• **RECORD SET**:
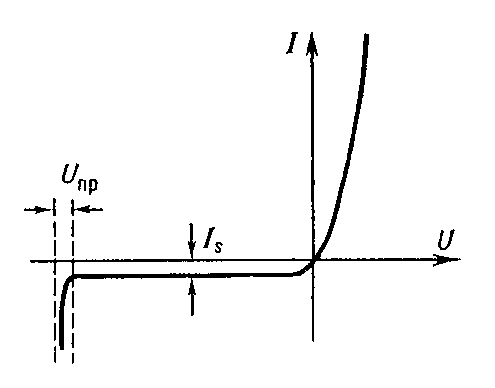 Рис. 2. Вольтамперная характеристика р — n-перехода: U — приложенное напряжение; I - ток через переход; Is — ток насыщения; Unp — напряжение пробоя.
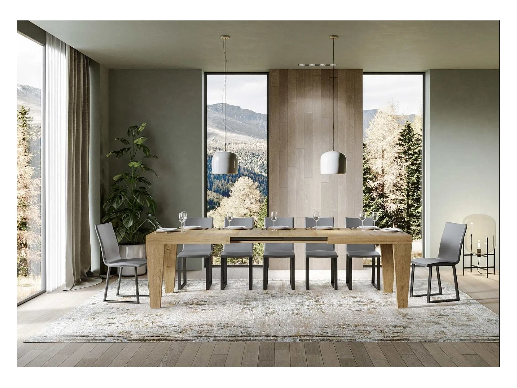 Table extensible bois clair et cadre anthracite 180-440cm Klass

---

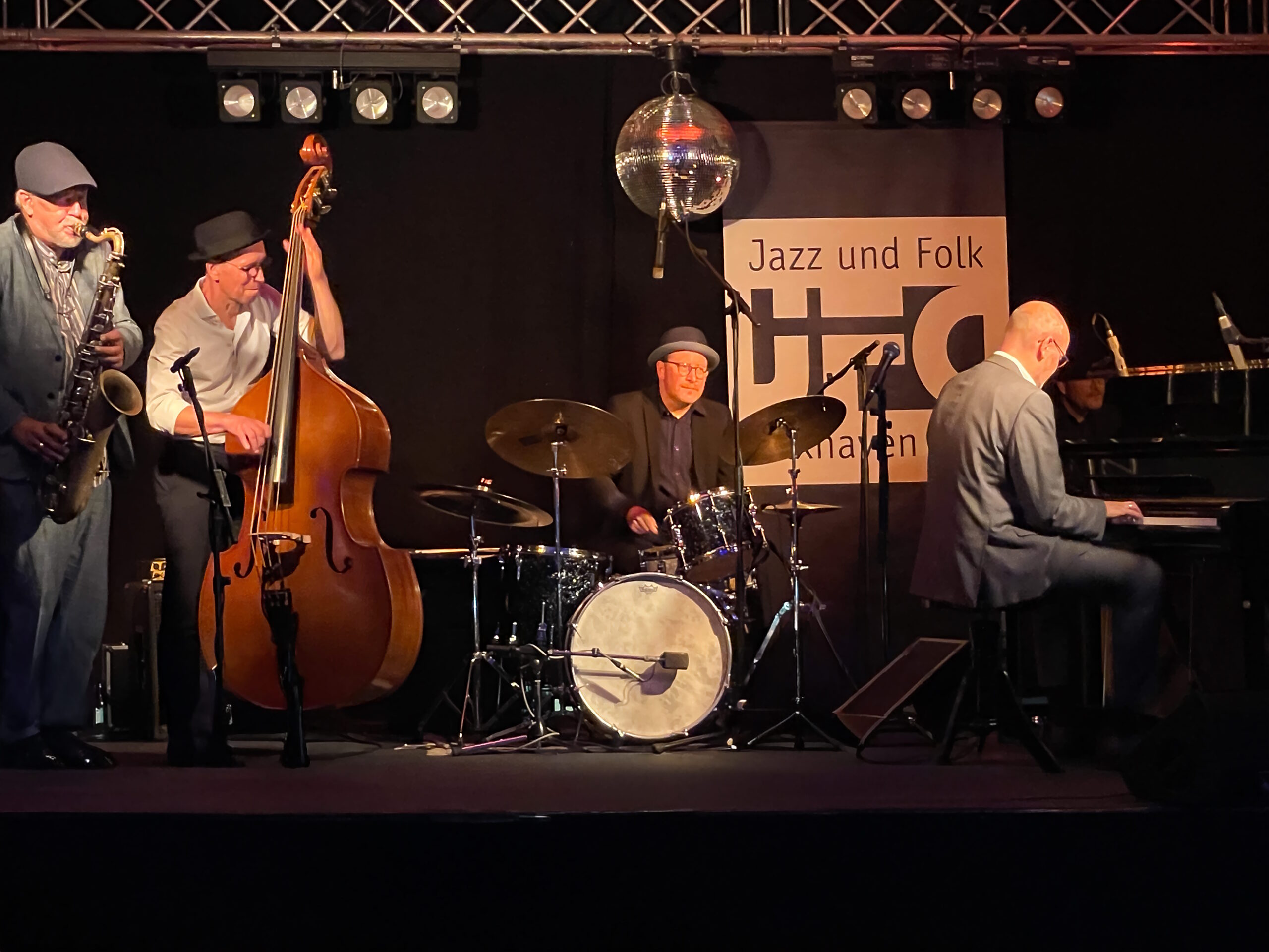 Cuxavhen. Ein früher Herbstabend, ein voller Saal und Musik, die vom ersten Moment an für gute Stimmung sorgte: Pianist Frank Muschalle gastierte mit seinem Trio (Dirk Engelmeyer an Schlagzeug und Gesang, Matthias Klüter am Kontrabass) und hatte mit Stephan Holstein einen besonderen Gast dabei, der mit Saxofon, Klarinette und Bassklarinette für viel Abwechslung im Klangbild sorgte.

• **WHAT THIS TASK INVOLVES**: Could the stretch from the line with "Рис. 2. Вольтамперная" through the line with "Table extensible bois" in the listing above be restated word for word, minus the pictures?

• **FINISHED TASK**:
 Рис. 2. Вольтамперная характеристика р — n-перехода: U — приложенное напряжение; I - ток через переход; Is — ток насыщения; Unp — напряжение пробоя.
 Table extensible bois clair et cadre anthracite 180-440cm Klass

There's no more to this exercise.